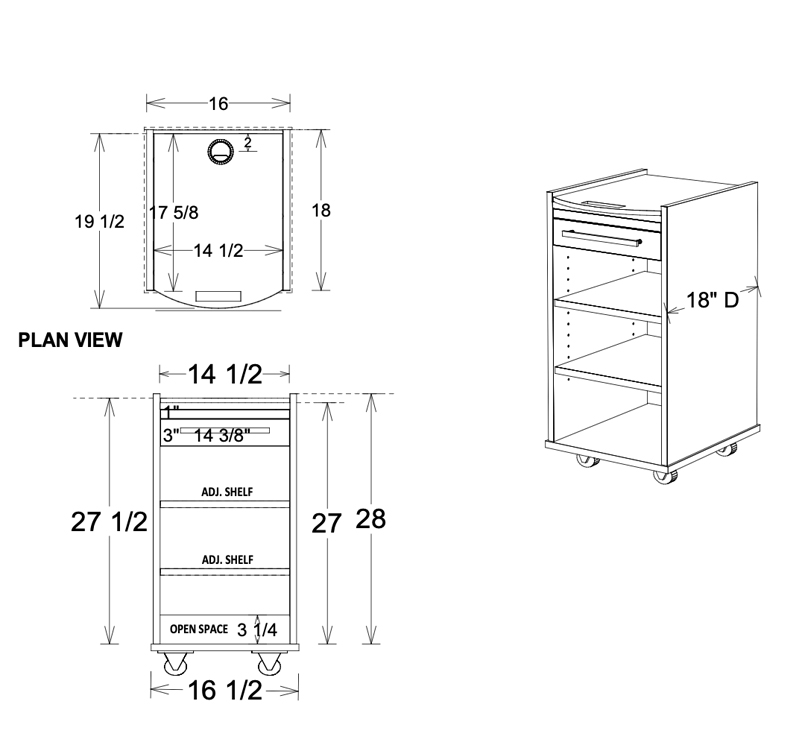 Dimensions : 16.5” W x 18.5” D x 31.5” H
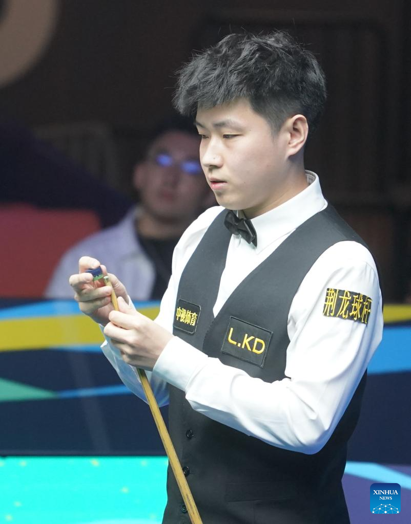Zhao Xintong competes during the round of 16 match between Zhao Xintong of China and Si Jiahui of China at the 2025 World Snooker Tour International Championship in Nanjing, east China's Jiangsu Province, Nov. 5, 2025. (Photo by Liu Zhenrui/Xinhua)
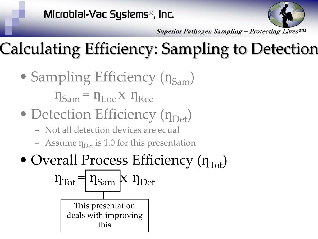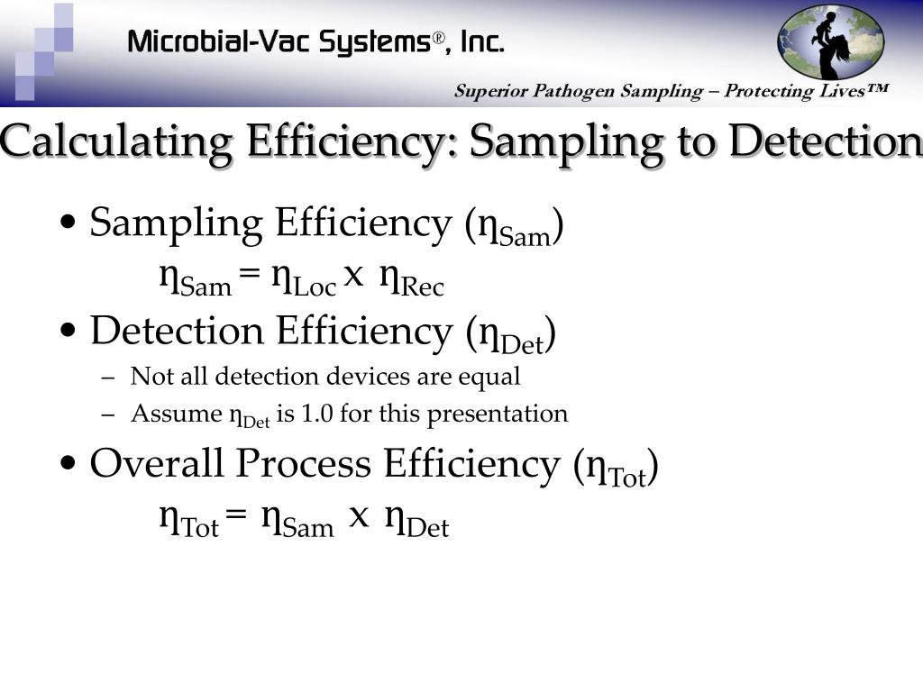 Sampling Efficiency (ƞSam) ƞSam = ƞLoc xƞRec Detection Efficiency (ƞDet) Not all detection devices are equal Assume ƞDet is 1.0 for this presentation Overall Process Efficiency (ƞTot) ƞTot =ƞSam xƞDet Calculating Efficiency: Sampling to Detection
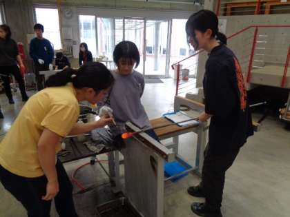 6年生が卒業制作のペーパーウェイトをつくりに、富山ガラス工房へ行きました。

------------------------------------------------

◆ **Problem details**
Leave the images out and transcribe the remaining data above word for word.

◆ **Finished exercise**
 Dimensions : 16.5” W x 18.5” D x 31.5” H
Zhao Xintong competes during the round of 16 match between Zhao Xintong of China and Si Jiahui of China at the 2025 World Snooker Tour International Championship in Nanjing, east China's Jiangsu Province, Nov. 5, 2025. (Photo by Liu Zhenrui/Xinhua)
 Sampling Efficiency (ƞSam) ƞSam = ƞLoc xƞRec Detection Efficiency (ƞDet) Not all detection devices are equal Assume ƞDet is 1.0 for this presentation Overall Process Efficiency (ƞTot) ƞTot =ƞSam xƞDet Calculating Efficiency: Sampling to Detection
 6年生が卒業制作のペーパーウェイトをつくりに、富山ガラス工房へ行きました。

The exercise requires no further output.